Omit all pictures, then retype the data exactly as given.

[[ GIVEN MATERIAL, beginning ]]

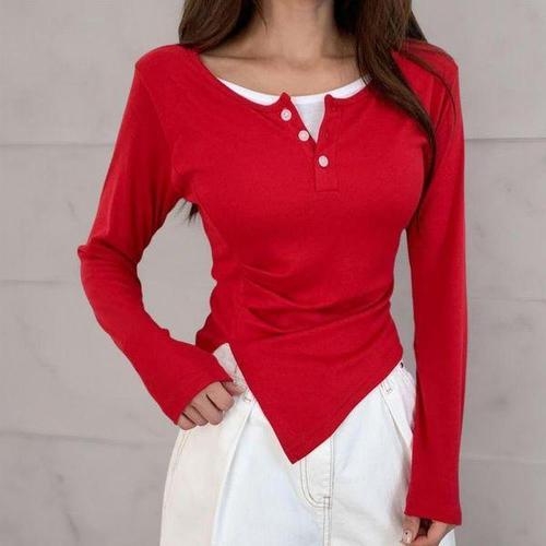 [옷자락]여성 언밸런스 브이넥 슬림 롱스트랩 골지 긴팔 티셔츠
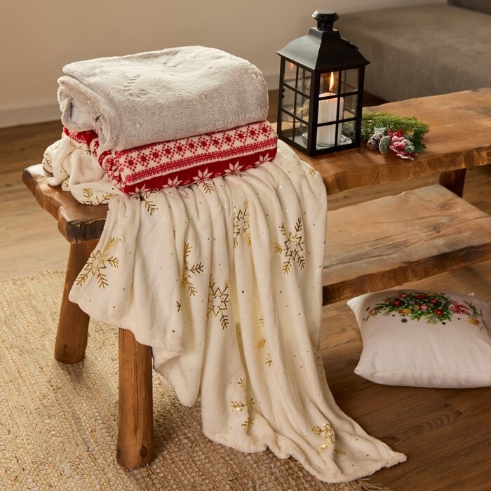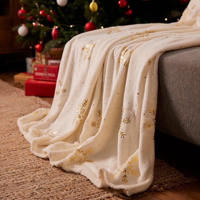 Плед Этель «Золотые снежинки», белый, 150х200 см, корал-флис
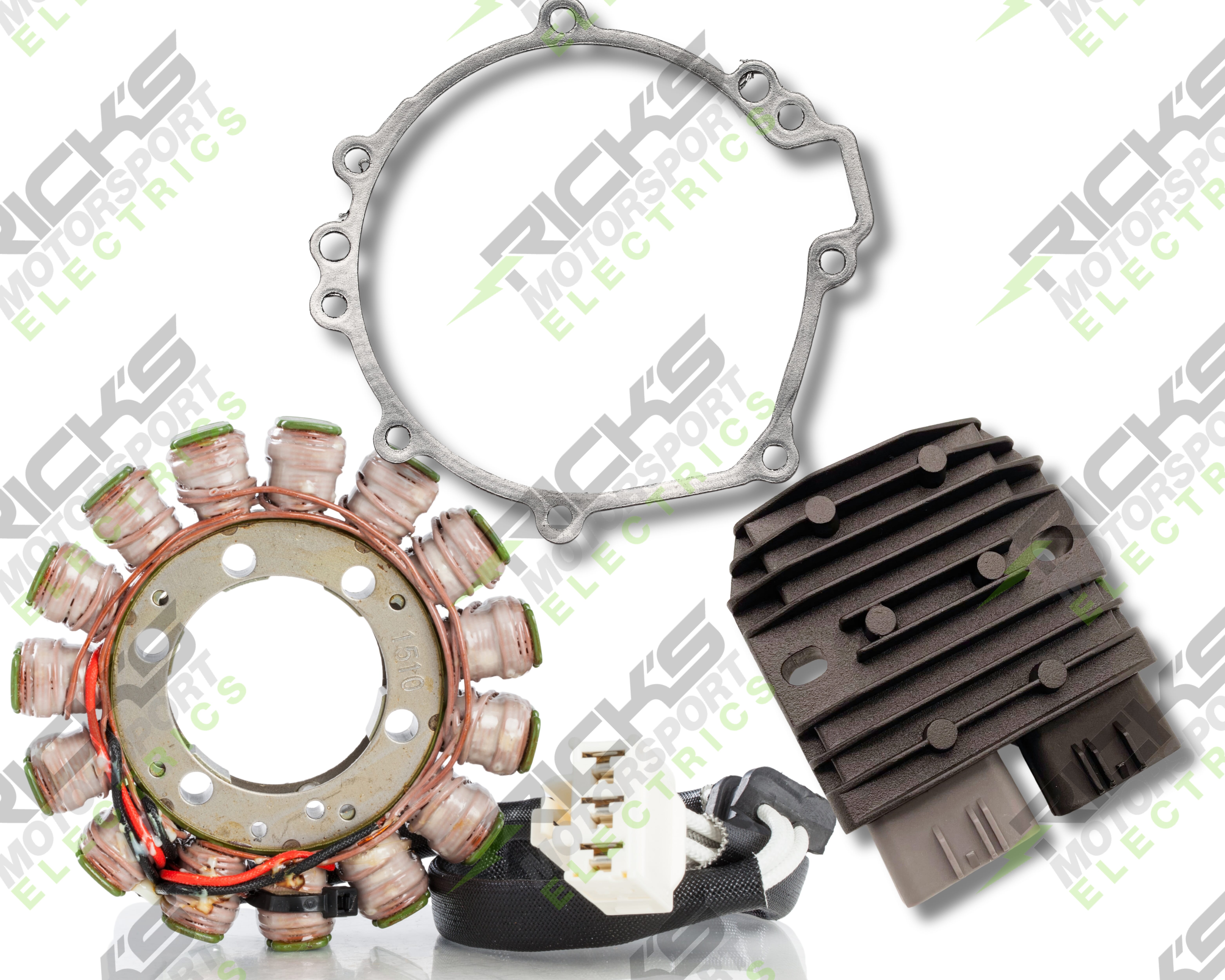New OEM Style Rick's Easy Kit; This complete charging kit is designed to make the repair job as easy as possible. Kit includes a new stator, new rec/reg & new stator gasket. Our aftermarket parts will replace OE#: 21003-0167(stator), 21066-0771(rec/reg), 11061-1119(gasket).

[[ GIVEN MATERIAL, end ]]

▶ **ANSWER SECTION**:
 [옷자락]여성 언밸런스 브이넥 슬림 롱스트랩 골지 긴팔 티셔츠
 Плед Этель «Золотые снежинки», белый, 150х200 см, корал-флис
New OEM Style Rick's Easy Kit; This complete charging kit is designed to make the repair job as easy as possible. Kit includes a new stator, new rec/reg & new stator gasket. Our aftermarket parts will replace OE#: 21003-0167(stator), 21066-0771(rec/reg), 11061-1119(gasket).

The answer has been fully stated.